Integrate using partial fractions (arctan x) / ((x+1)(x^2+1))?

[jessjolt]

Integrate using partial fractions (arctan x) / ((x+1)(x^2+1))?

My attempt:

(arctan x) / ((x+1)(x^2+1)) = A/(x+1) + (Bx+C)/(x^2+1)
arctan x = A(x^2+1) + (Bx+C)(x+1)
when x= -1, A= -pi/8

so plugging in -pi/8 for B makes:
x= tan[ (B-(pi/8))x^2 + (B+C)x + (C-(pi/8)) ]
and when x=0, C= pi/8

so plugging in pi/8 for C and rearranging produces:
x=tan[ B(x^2+x) + (((pi*x)/8)*(1-x)) ]
and when x=1, B=pi/8

so (arctan x) / ((x+1)(x^2+1)) = [(-pi/8)/(x+1)] + {{ [(pi*x)/8] + (pi/8) }/(x^2+1) }

but when i graph in radian mode on a graphic calculator (arctan x) / ((x+1)(x^2+1)) and my result, they are not the same thing, so my answer must be wrong. The graphs appear very similar though, so it seems there is only a small error? Please help?? :D

 

[micromass]

Hi jessjolt!

Firstly, you should know that

[tex]\int{\frac{arctan(x)}{(x+1)(x^2+1)}dx}[/tex]

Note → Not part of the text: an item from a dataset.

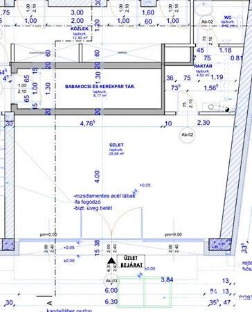 Üzlettér+raktár+mosdó

is not solvable using elementary functions.

Secondly, what you did is sadly not allowed. You wrote

[tex]arctan x = A(x^2+1) + (Bx+C)(x+1)[/tex]

But this would imply that the arctangent was a polynomial, which is not not the case. What you could do is split

[tex]\frac{1}{(x+1)(x^2+1)}[/tex]

into partial fractions and then multiply it all by arctan(x). But, then again, the integral isn't solvable...

 

[eumyang]

You can't use partial fractions here, because your original function is NOT a rational function. (Rational functions are in the form of f(x)/g(x), where f and g are polynomials.)EDIT: Beaten to it!

 

[jessjolt]

Hi jessjolt!

Firstly, you should know that

[tex]\int{\frac{arctan(x)}{(x+1)(x^2+1)}dx}[/tex]

is not solvable using elementary functions.

Secondly, what you did is sadly not allowed. You wrote

[tex]arctan x = A(x^2+1) + (Bx+C)(x+1)[/tex]

But this would imply that the arctangent was a polynomial, which is not not the case. What you could do is split

[tex]\frac{1}{(x+1)(x^2+1)}[/tex]

into partial fractions and then multiply it all by arctan(x). But, then again, the integral isn't solvable...

oohhh ok i see thanks...so there is no way to use partial fractions with transcendental functions like the arctangent?

 

[micromass]

oohhh ok i see thanks...so there is no way to use partial fractions with transcendental functions like the arctangent?

Not that I'm aware of, no.

 

[SammyS]

Well you can expand [itex]\frac{1}{(x+1)(x^2+1)}[/itex] using partial fractions, but I'm quite that won't help with this integral.

 

[cragar]

you could write the arctan(x) in term of natural logs . and then factor
[itex] (x^2+1) [/itex] as (x+i)(x-i) but i don't know if that will help .

 

[Char. Limit]

I think that if you write tan^-1(x) as an infinite series, you can integrate it then. Of course, it will be hell, and your integral will probably be in a series.

 

[SammyS]

I think that if you write tan^-1(x) as an infinite series, you can integrate it then. Of course, it will be hell, and your integral will probably be in a series.

(OP seems to have dropped out of this discussion.)

Ooooo ... I like this idea ! However, I wouldn't want to work it all out.

But, it does lead to the following hybrid scheme:

Using partial fractions, [tex]\frac{1}{(x+1)(x^2+1)}=\frac{1}{2(x^2+1)}-\frac{x}{2(x^2+1)}+\frac{1}{2 (x+1)}[/tex]
The first term will give [itex]\displaystyle \int{\frac{\tan^{-1}(x)}{2(x^2+1)}}\,dx\,,[/itex] which is not a difficult integration.

For the 2nd & third terms, use the infinite series expansion for arctan(x), expanded about x = 0. (It has only odd powers of x.)

Multiplying this series by the second term results in a series whose terms are of the form:
[tex]\frac{x^{2n}}{(x^2+1)}=x^{2(n-1)}-x^{2(n-2)}+x^{2(n-3)}-\dots-(-1)^nx^2(-1)^n+\frac{(-1)^n}{x^2+1}[/tex]

The third term can he handled similarly.​

Char. Limit is right. This is a mess - but do-able.